------ SUPPLIED MATERIAL

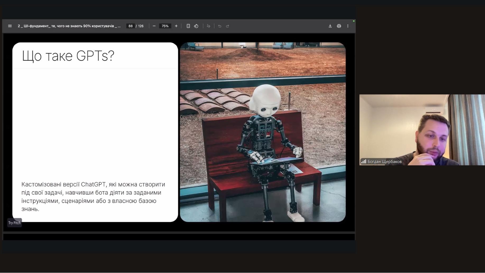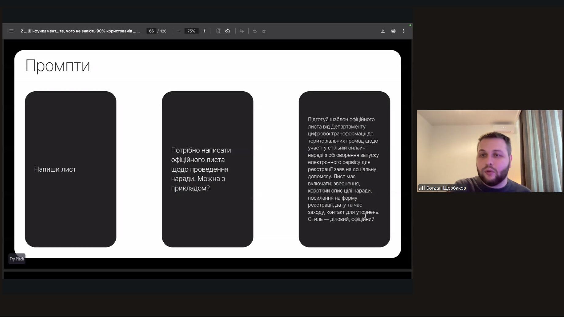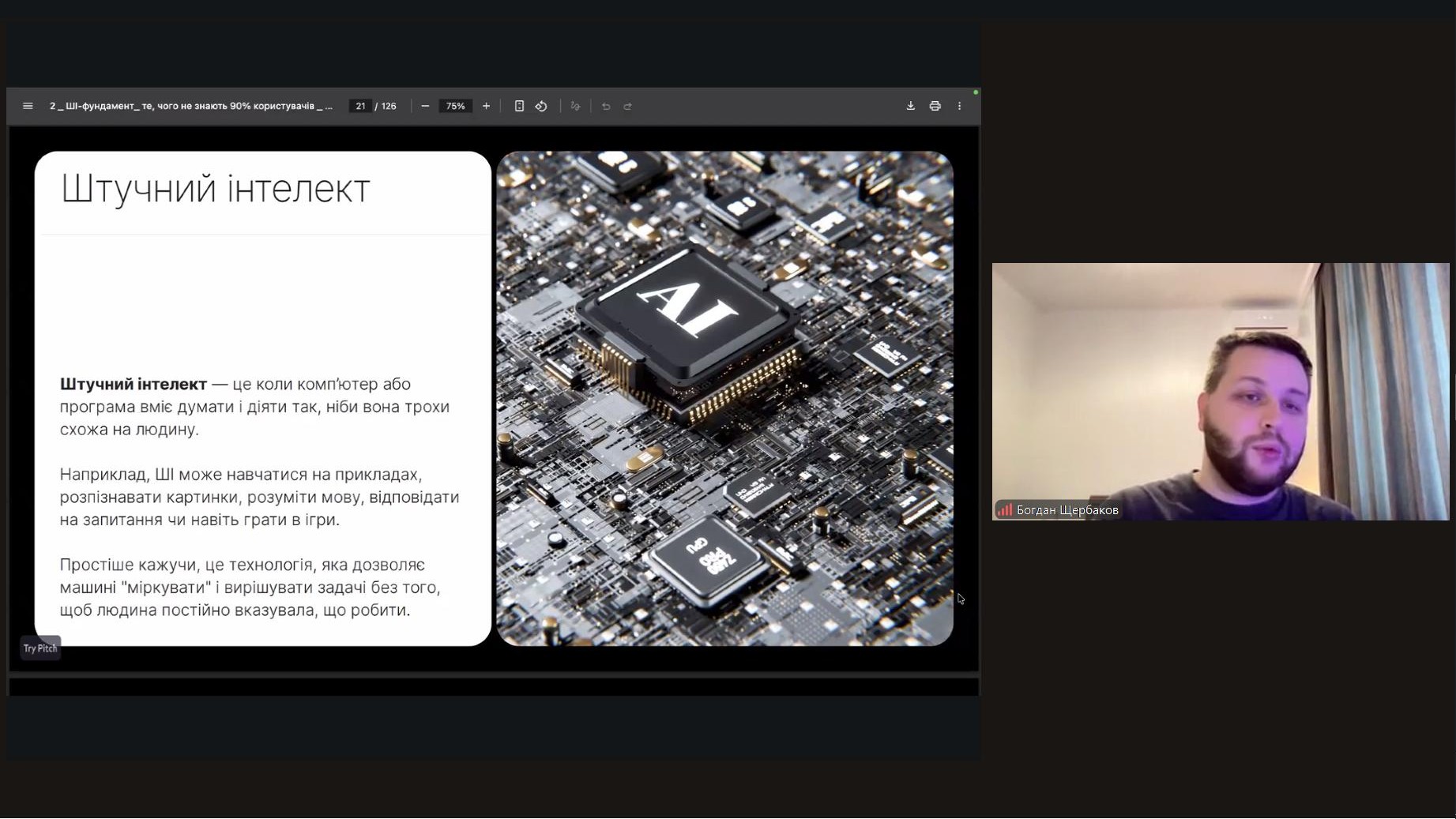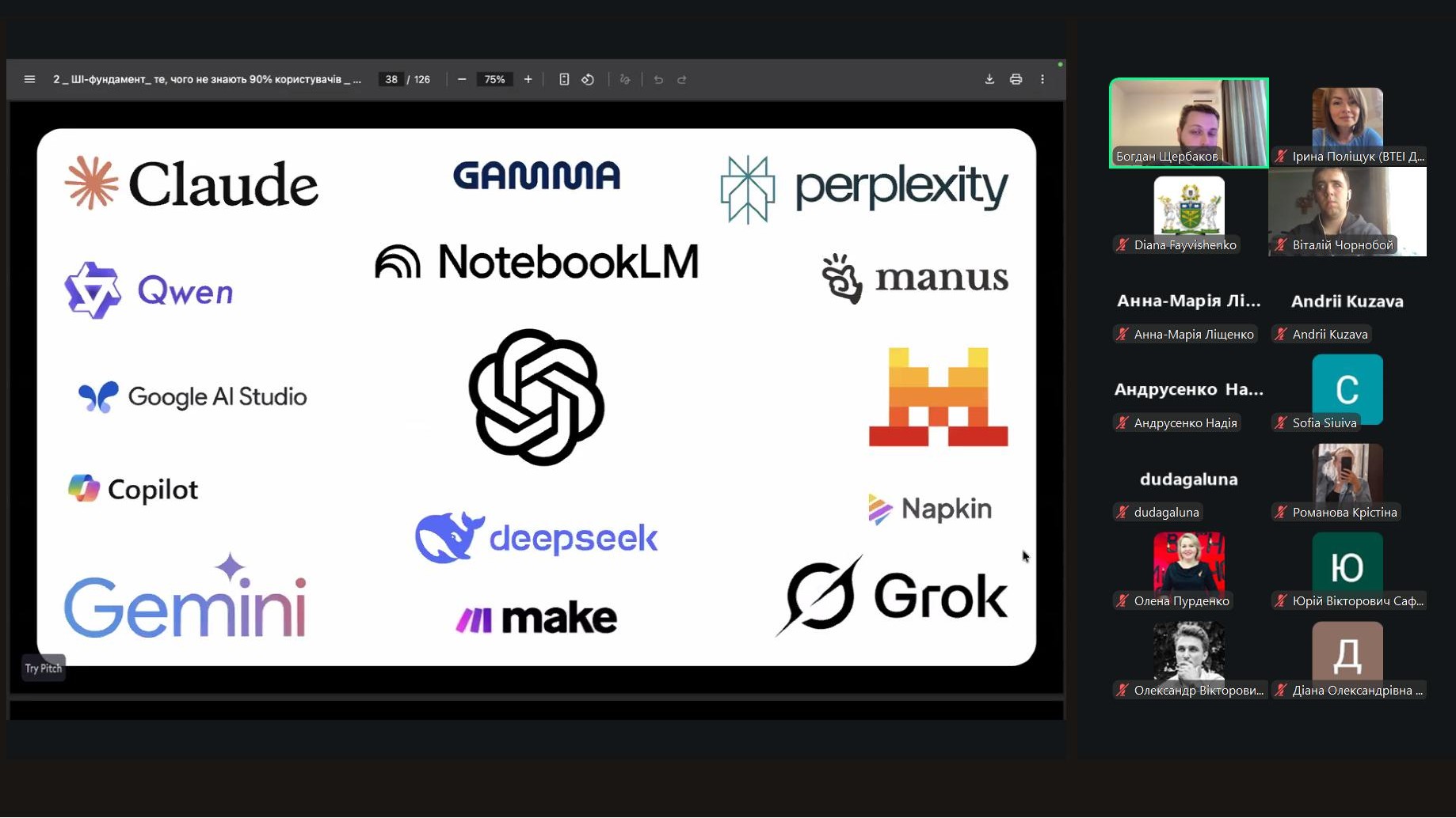 Під час лекції учасники дізналися про ключові принципи роботи ШІ та можливості його практичного застосування. Спікер пояснив, як змінюється підхід до виконання завдань «до і після» впровадження ШІ, розкрив суть поняття штучного інтелекту, токенів і контекстних вікон, а також наголосив на важливості правильного формулювання промптів. Особливу увагу приділив огляду різноманітних ШІ-асистентів, моделям і режимам роботи, а також практичним прикладам оптимізації рутинних процесів та автоматизації завдань. Окремим блоком було представлено можливості GPTs для бізнесу та освіти. Завершилася лекція жвавою сесією запитань та відповідей.
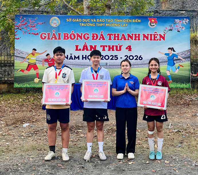 Sau nhiều ngày thi đấu sôi nổi với tinh thần đoàn kết, trung thực và cao thượng, chiều ngày 08/3/2026, tại sân trường THPT Mường Lay, Lễ bế mạc Giải bóng đá Thanh niên lần thứ 4 đã được tổ chức trong không khí trang trọng, vui tươi và đầy cảm xúc. Buổi lễ là dịp để tổng kết hành trình thi đấu đầy nhiệt huyết của các đội bóng, đồng thời ghi nhận và vinh danh những tập thể đã thi đấu xuất sắc trong suốt mùa giải.
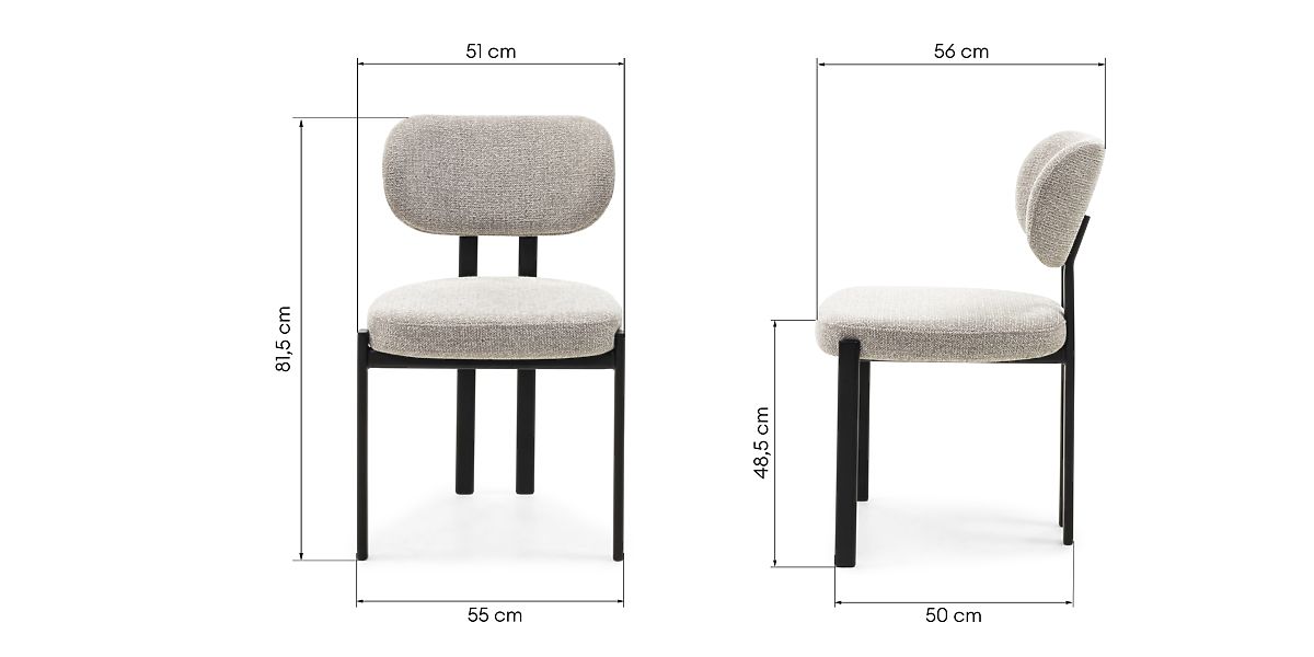 A kárpitozott Flare szék a modern design és a kényelem kombinációja, amely karaktert ad minden belső térnek. A bézs szövet és a fekete fém lábak kombinációja elegáns, minimalista megjelenést kölcsönöz, amely számos elrendezéshez kiválóan illik. A formázott háttámla és a habbal töltött ülőfelület kivételes kényelmet biztosít, amely a legigényesebbeket is kielégíti. A Flare szék ideális választás azok számára, akik stílusos és kényelmes megoldást keresnek a terükbe.
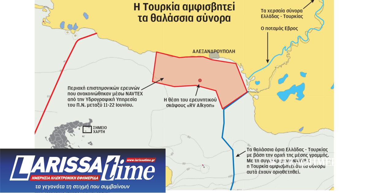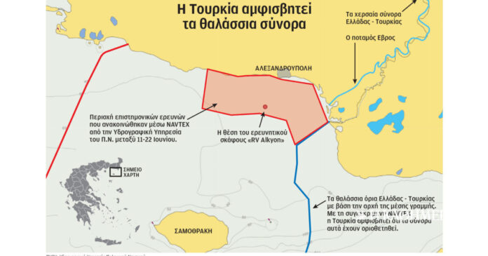Με σαφή και ξεκάθαρο τρόπο η Αγκυρα αμφισβητεί και τα γενικώς παραδεδεγμένα περί χρήσης της μέσης γραμμής, ακόμη και στις εκβολές ποταμών, για την οριοθέτηση θαλασσίων συνόρων. Με NAVTEX του σταθμού της Σμύρνης (0536/24), η Αγκυρα καταγγέλλει τις επιστημονικές έρευνες που έχουν ανακοινωθεί από την Αθήνα με το επιστημονικό σκάφος «R/V Alkyon» (NAVTEX 091/24 του σταθμού Υδρογραφικής Υπηρεσίας Λήμνου), στις εκβολές του Εβρου, εντός ελληνικών χωρικών υδάτων μέχρι και τις 22 Ιουνίου. Η περιοχή που έχει δεσμευθεί, αναφέρεται στην τουρκική NAVTEX, «είναι πλησίον και εντός των πλευρικού θαλασσίου ορίου Ελλάδας – Τουρκίας, το οποίο δεν έχει ακόμη οριοθετηθεί».
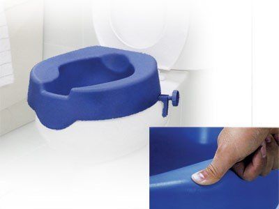 Sedia comoda con sedile anatomico imbottito, WC in materiale plastico facilmente lavabile.
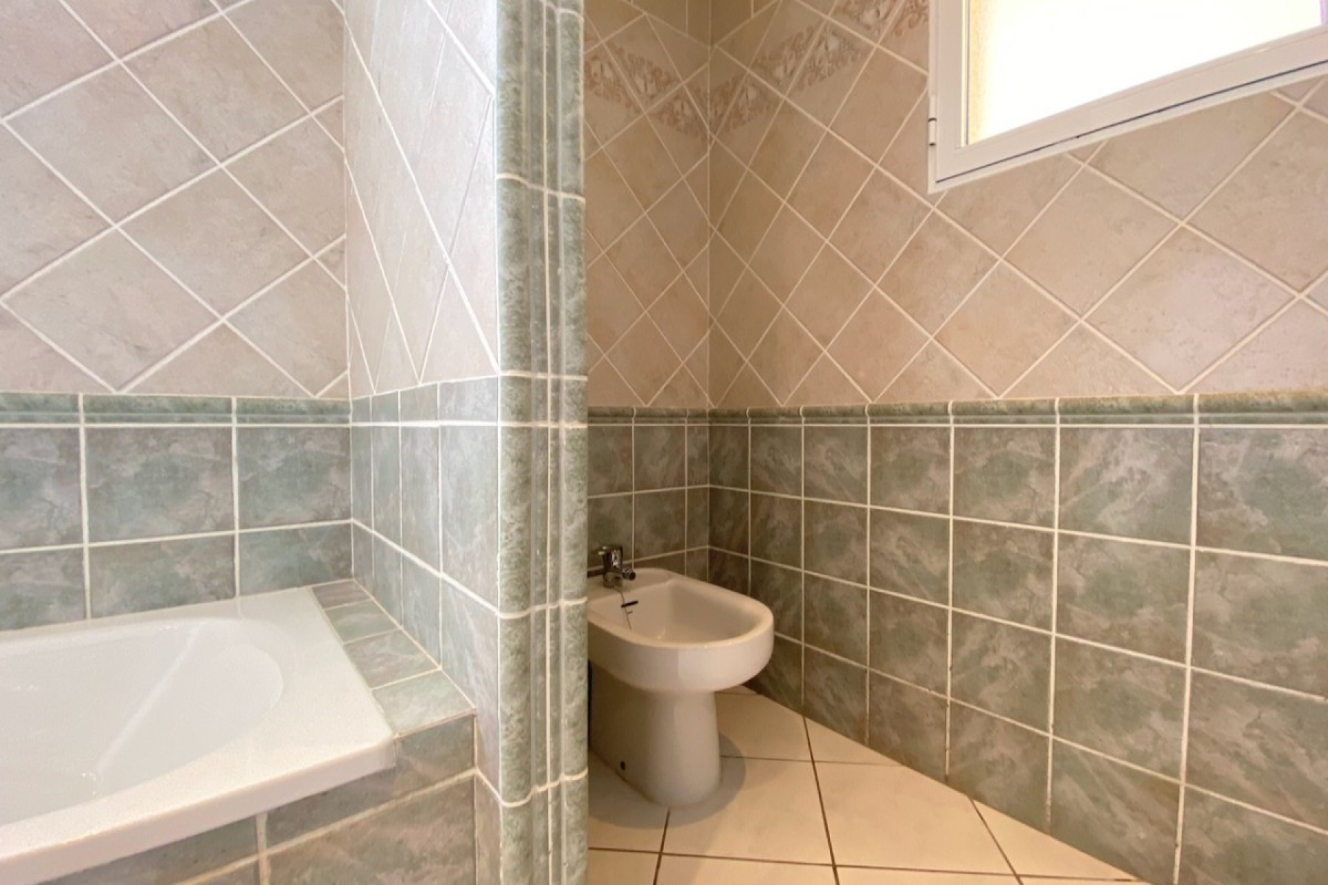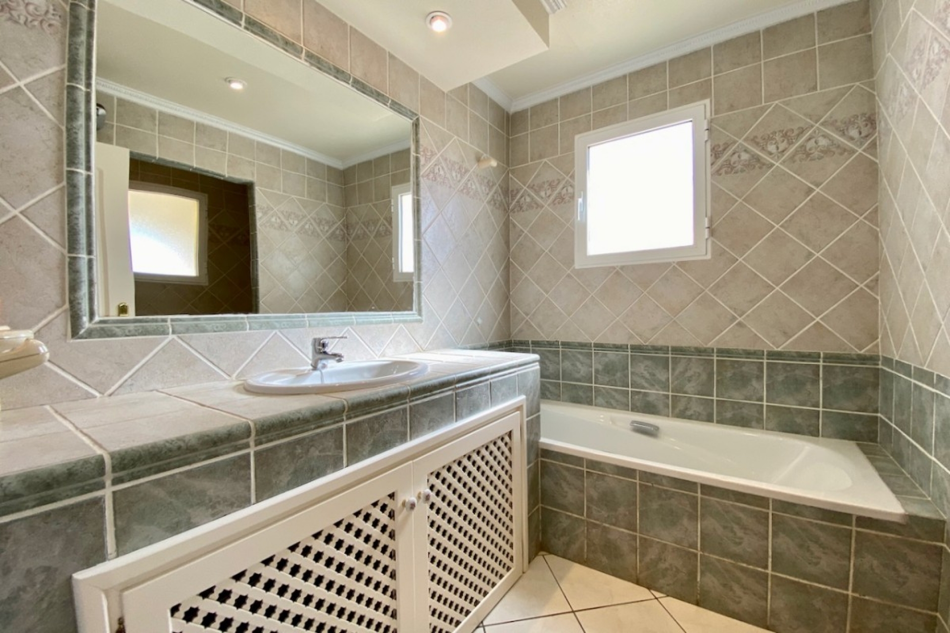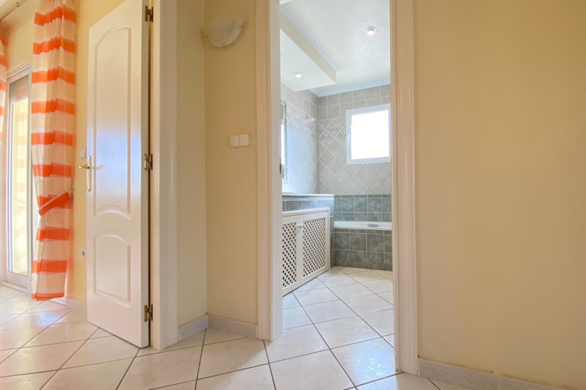 Between the 2 bedrooms on the upper floor we find the second bathroom, which is very spacious and has 2 windows.
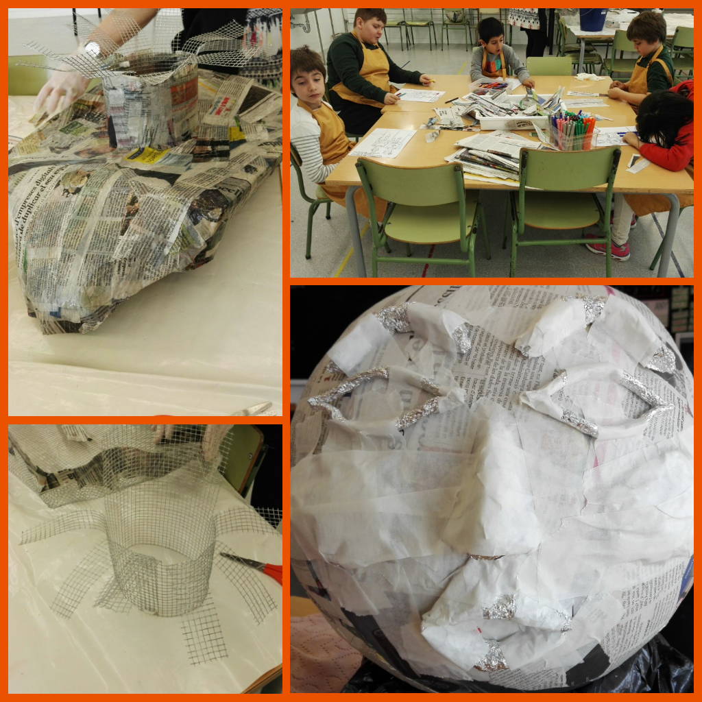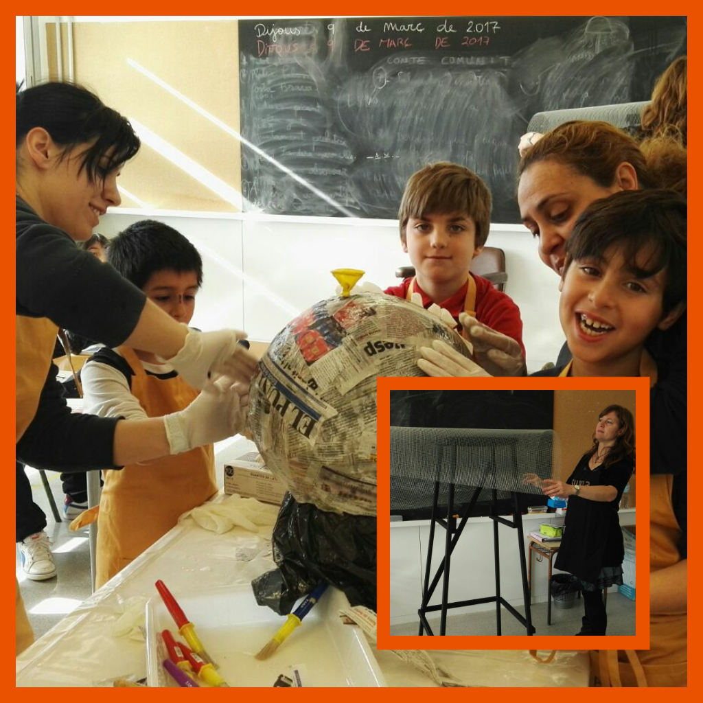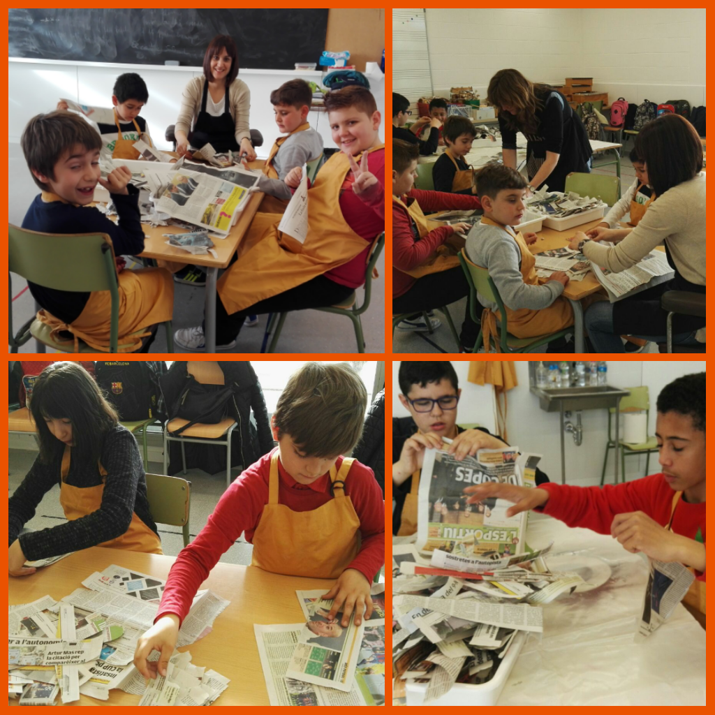 Inflem un globus gran que ens servirà de base. I hi enganxem les tires amb cola d’empaperar. Alguns han utilitzat pinzell i altres s’hi han fet amb les mans. Hi han participat tots els nens i nenes amb moltes ganes!

------------

== TASK STATEMENT ==
Output only the lines above from the line that holds "Με σαφή και" through the line that holds "Between the 2", both ends included, and exclude pictures.

== TASK SOLUTION ==
Με σαφή και ξεκάθαρο τρόπο η Αγκυρα αμφισβητεί και τα γενικώς παραδεδεγμένα περί χρήσης της μέσης γραμμής, ακόμη και στις εκβολές ποταμών, για την οριοθέτηση θαλασσίων συνόρων. Με NAVTEX του σταθμού της Σμύρνης (0536/24), η Αγκυρα καταγγέλλει τις επιστημονικές έρευνες που έχουν ανακοινωθεί από την Αθήνα με το επιστημονικό σκάφος «R/V Alkyon» (NAVTEX 091/24 του σταθμού Υδρογραφικής Υπηρεσίας Λήμνου), στις εκβολές του Εβρου, εντός ελληνικών χωρικών υδάτων μέχρι και τις 22 Ιουνίου. Η περιοχή που έχει δεσμευθεί, αναφέρεται στην τουρκική NAVTEX, «είναι πλησίον και εντός των πλευρικού θαλασσίου ορίου Ελλάδας – Τουρκίας, το οποίο δεν έχει ακόμη οριοθετηθεί».
 Sedia comoda con sedile anatomico imbottito, WC in materiale plastico facilmente lavabile.
 Between the 2 bedrooms on the upper floor we find the second bathroom, which is very spacious and has 2 windows.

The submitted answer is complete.